In a Delphi process, more capable AI could be actively involved in every step:
Human organizers could spend more time in consultation with AIs about how to write and frame the questions, including along axes like the long-term implications of particular decisions. More capable AIs could be instructed to look for unquestioned assumptions or blindspots in human organizers’ thinking. They could even forecast which questions would most likely lead to disagreements between participants, which would be most productive, which would unearth key values questions, and so on. As a result, the process could end up revolving around questions that the organizers initially hadn’t considered at all.
Likewise, participants themselves could be in close feedback loops with their own AI advisors, who could help identify their blindspots, and proactively take actions such as reaching out to other participants’ AIs to seek clarity on a potential misunderstanding. As a result, the process may more closely resemble a series of facilitated dialogues between participants than an inefficient large-group conversation.

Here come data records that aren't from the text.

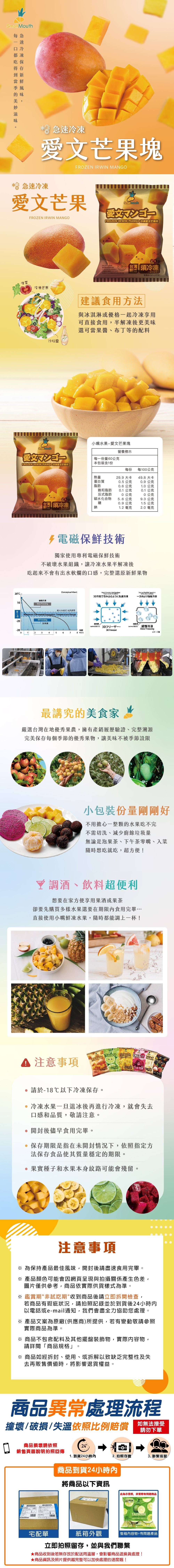 商品內容商品組合/規格:60g/包x5包商品品名:急速冷凍愛文芒果塊商品重(容)量:60g/包x5包內容物成分(如含有豬、牛成分請加註國別):新鮮愛文芒果100%食品添加物名稱:無原產地(國):台灣保存期限:18個月保存方式:冷凍-18℃保存,開封後請盡早食用完畢。冷凍水果一旦退冰後再進行冷凍就會失去口感和品質,敬請注意。食用方式:開封即食,可參考文案中多樣食用方式。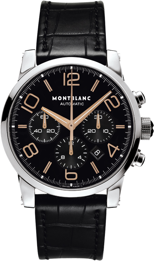 Những đường nét rõ ràng của TimeWalker Chronograph kết hợp các giá trị truyền thống với tính thẩm mỹ của thế kỷ 21. Chúng mang ảnh hưởng không thể nhầm lẫn của hình thức và chức năng lấy cảm hứng từ Bauhaus một cách rõ ràng cũng như các đường nét kiến trúc có đường viền táo bạo, thoáng đãng chỉ có thể thực hiện được nhờ vào các vật liệu và phương pháp hiện đại. Vỏ của chiếc đồng hồ này trông vẫn cực kỳ nhẹ mặc dù có đường kính ấn tượng là 43 mm. Điều này ít nhất là do hình dáng năng động của đồng hồ và những đường viền uyển chuyển của các vấu, được chế tạo khung xương một cách tỉ mỉ. Bộ máy cơ tự lên dây có chức năng bấm giờ tích hợp là sự thể hiện tinh tế nhất của nghệ thuật chế tạo đồng hồ.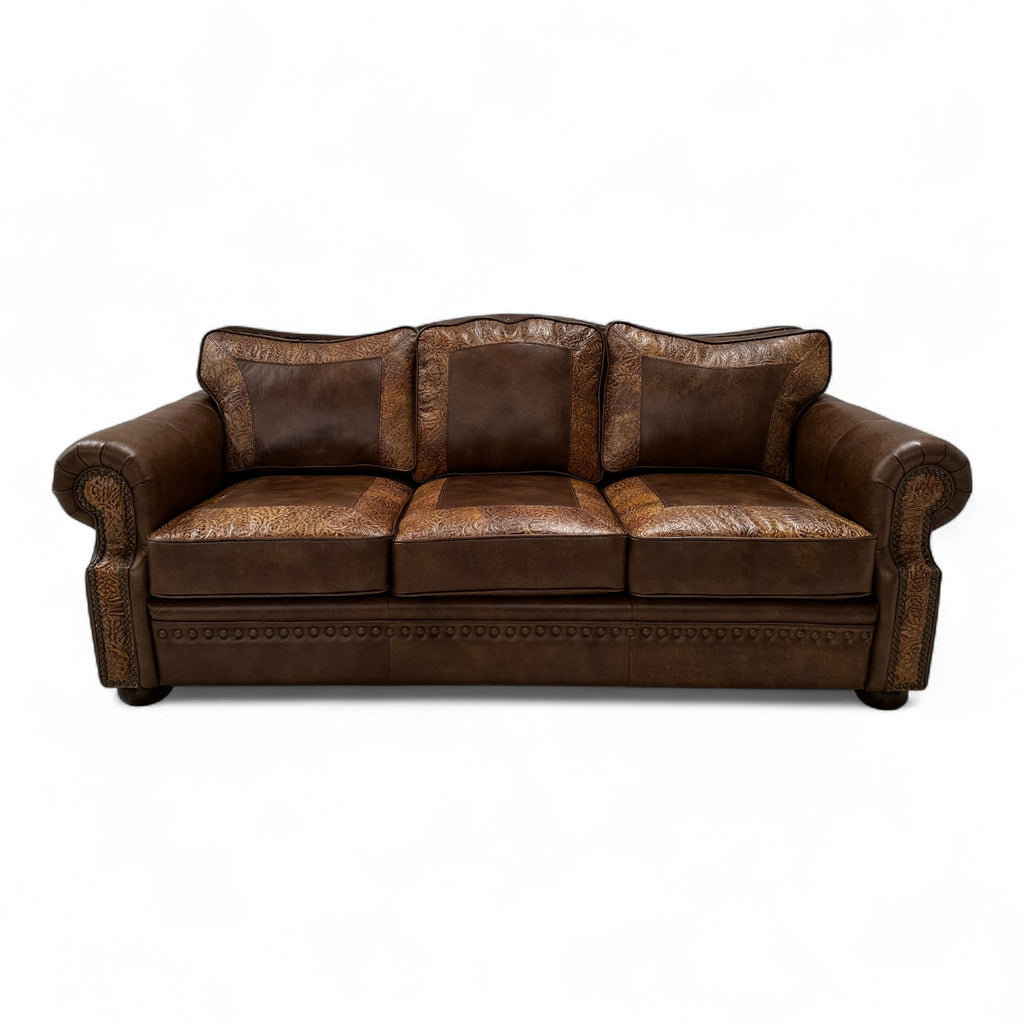 The Telluride Creststone Sofa brings rich character and elevated comfort together in a striking, handcrafted design. Upholstered in Legends Tumbleweed leather—an exquisite hand-rubbed aniline hide from South America—it showcases a warm, earthy patina that pairs beautifully with its tooled designer leather accents. The sculpted back cushions, rolled arms, and detailed panel work highlight the depth and artistry of the leather, while brass nailhead trim and a walnut foot finish complete the look with refined rustic appeal. Handcrafted in the USA, it features foam seats with Dacron-filled backs and seat tops for lasting comfort and support. Timeless, bold, and beautifully crafted, the Telluride Creststone Sofa stands as a statement piece designed to anchor your space with luxury and style.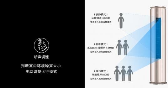 長虹CHiQ空調Q5Ds、Q5Gs系列AI人工智能空調通過創新的“聲紋感控”技術,具備“識人”能力,根據聲量判斷室內噪聲大小,主動調整運行模式。在環境噪聲≤30分貝時,空調自動進入低頻運轉模式;在環境噪聲在30-50分貝之間時,自動進入標準運轉模式;在環境噪聲≥50分貝時,自動進入高頻運轉模式,滿足不同場景所需。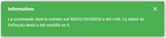 Si la commande est correctement générée, un message avec le numéro de commande va apparaître.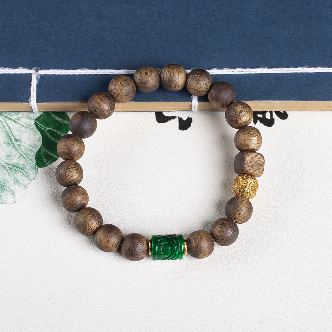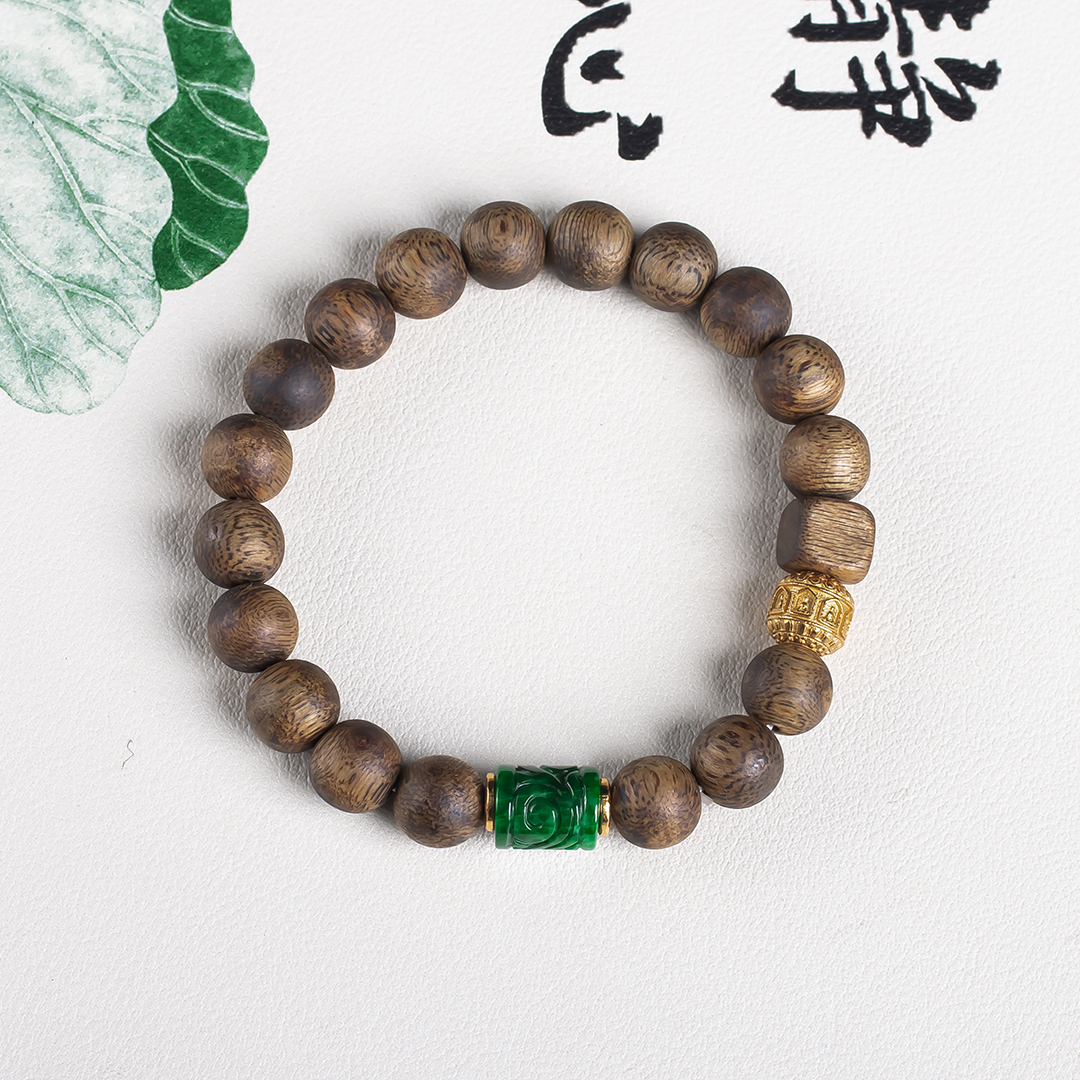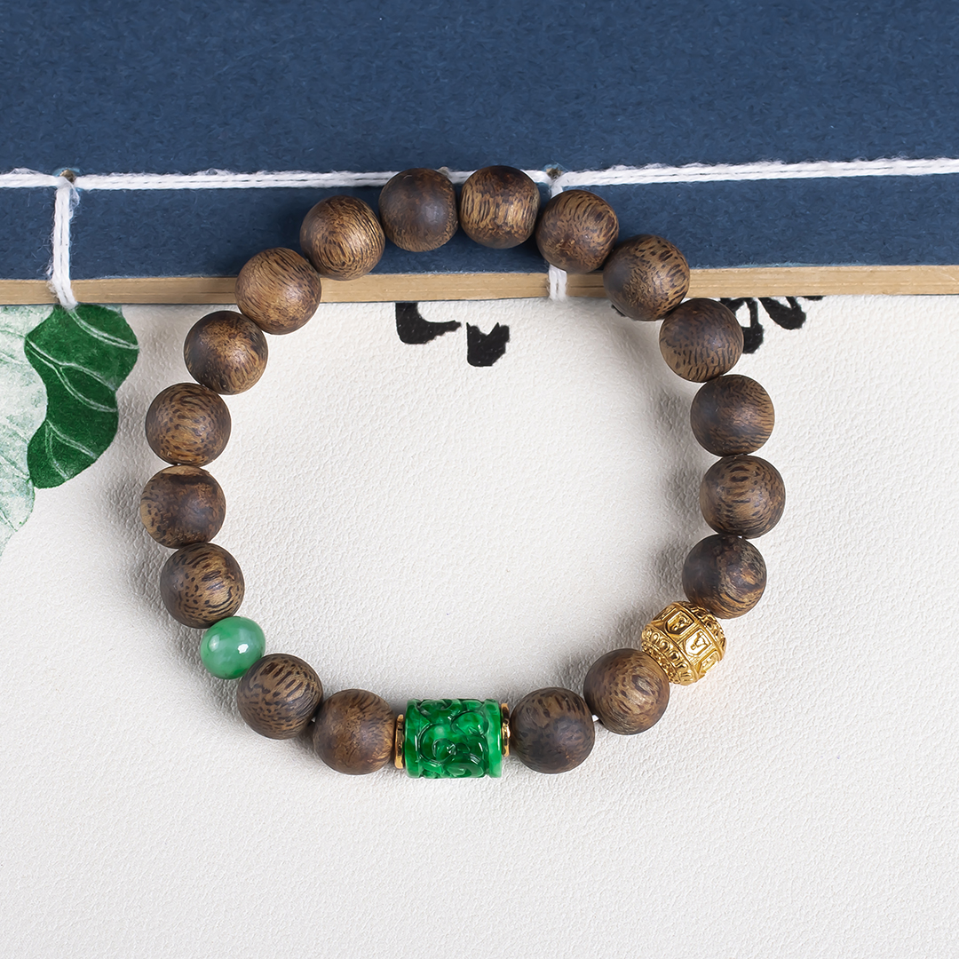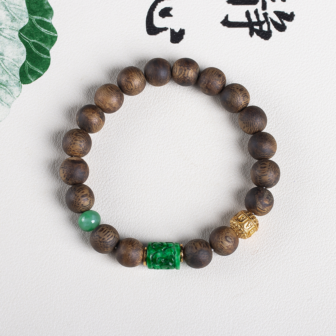 xy0656沉香+翡翠手串,天然沉香约9.3mm,原色原味,香味自然清甜,国风新中式穿搭,款式典雅,清香怡人,翠玉养身。

Over time, different processes could be developed around AI capabilities. For example, the surveys themselves could be written and explained by AIs fine-tuned on relevant documents. Most of the expert dialogue could take place between AI systems instructed to represent a particular viewpoint, which only occasionally check in with human counterparts for clarification. The output could even be a queryable “living document” — a synthesized AI advisor system designed to reflect lessons from the conversation and from documents and schools of thought recommended by the participants.
Conclusions
In principle, capable AI advisor systems could massively improve society. They could compound the earlier digital revolutions’ effects of making information available and useful. But while the computer and the internet undoubtedly enriched society, they have had their downsides. Applications like social media can harm us in subtle long-term ways by offering what we seem to want in the short term, while ubiquitous internet use makes us vulnerable to cyberattacks and privacy breaches.
Similarly, the high modernist ambitions of the 1800s and 1900s were founded on the hope that top-down analysis and optimization could straightforwardly improve society. Such approaches served well for building bridges and dams, bringing millions out of poverty. But we remember them, too, for their failures when applied to systems that were unexpectedly complex, subtle, or ethically fraught.

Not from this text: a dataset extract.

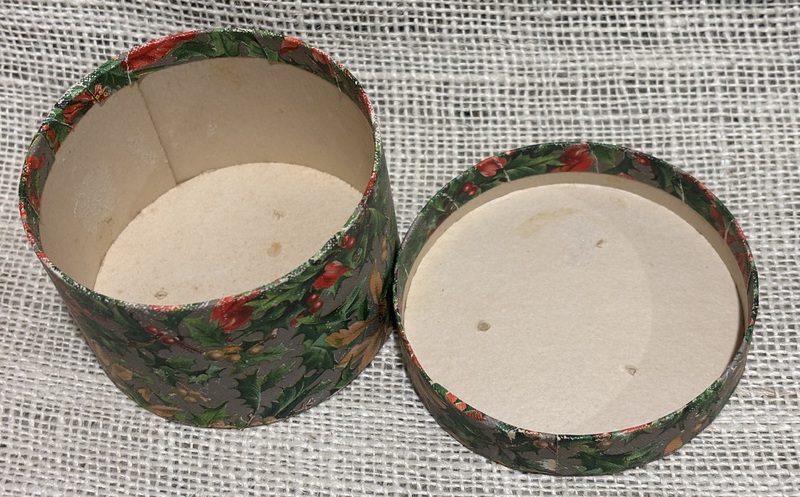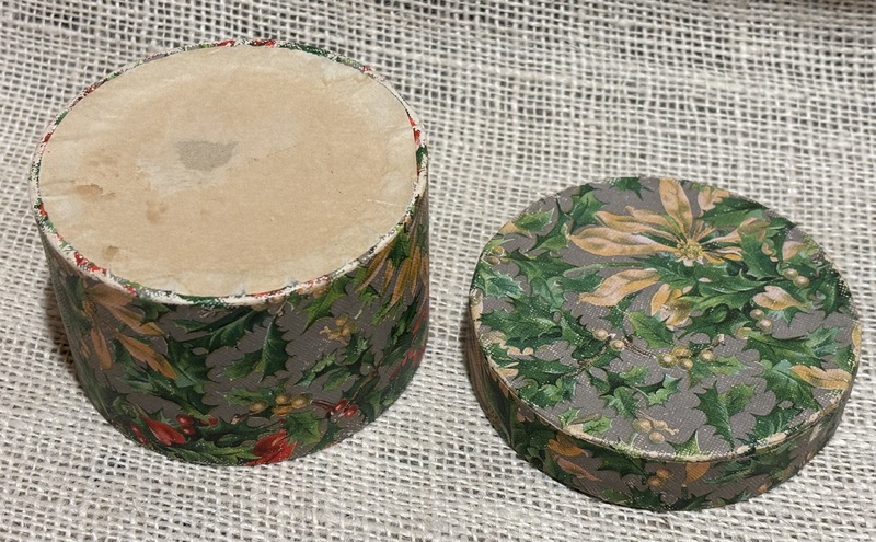 Sweet miniature wallpaper box. Poinsettia and holly wallpaper. Late 19th century, round 3 3/4" diameter, 2 3/8" high. As expected you can see how it faded with age with redness of paper inside box and portion inside top cover.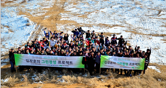 为大气治理环境,减少风沙,内蒙古库布齐沙漠是北京产生黄沙的主要原因,于是韩国留学生会与韩国集团歌手金章勋一起举办绿色长城植树项目“中韩未来林”。2012年 11月 5日 到 2012年 11月 8日,和中国共青团一起去内蒙古库布齐沙漠栽种多种树木, 防止沙漠化。御宅屋

Building beneficial AI advisor systems requires taking a lesson from history: knowledge and power must be directed wisely, with thought to long-term consequences and an appreciation for unknown unknowns. Much like previous industrial revolutions, smart AIs could present a new opportunity to reshape the world for both better and worse. We should treat that opportunity with the weight it deserves.
This post, like the rest of Expected Surprise, does not reflect the institutional views of my employer or other affiliated organizations.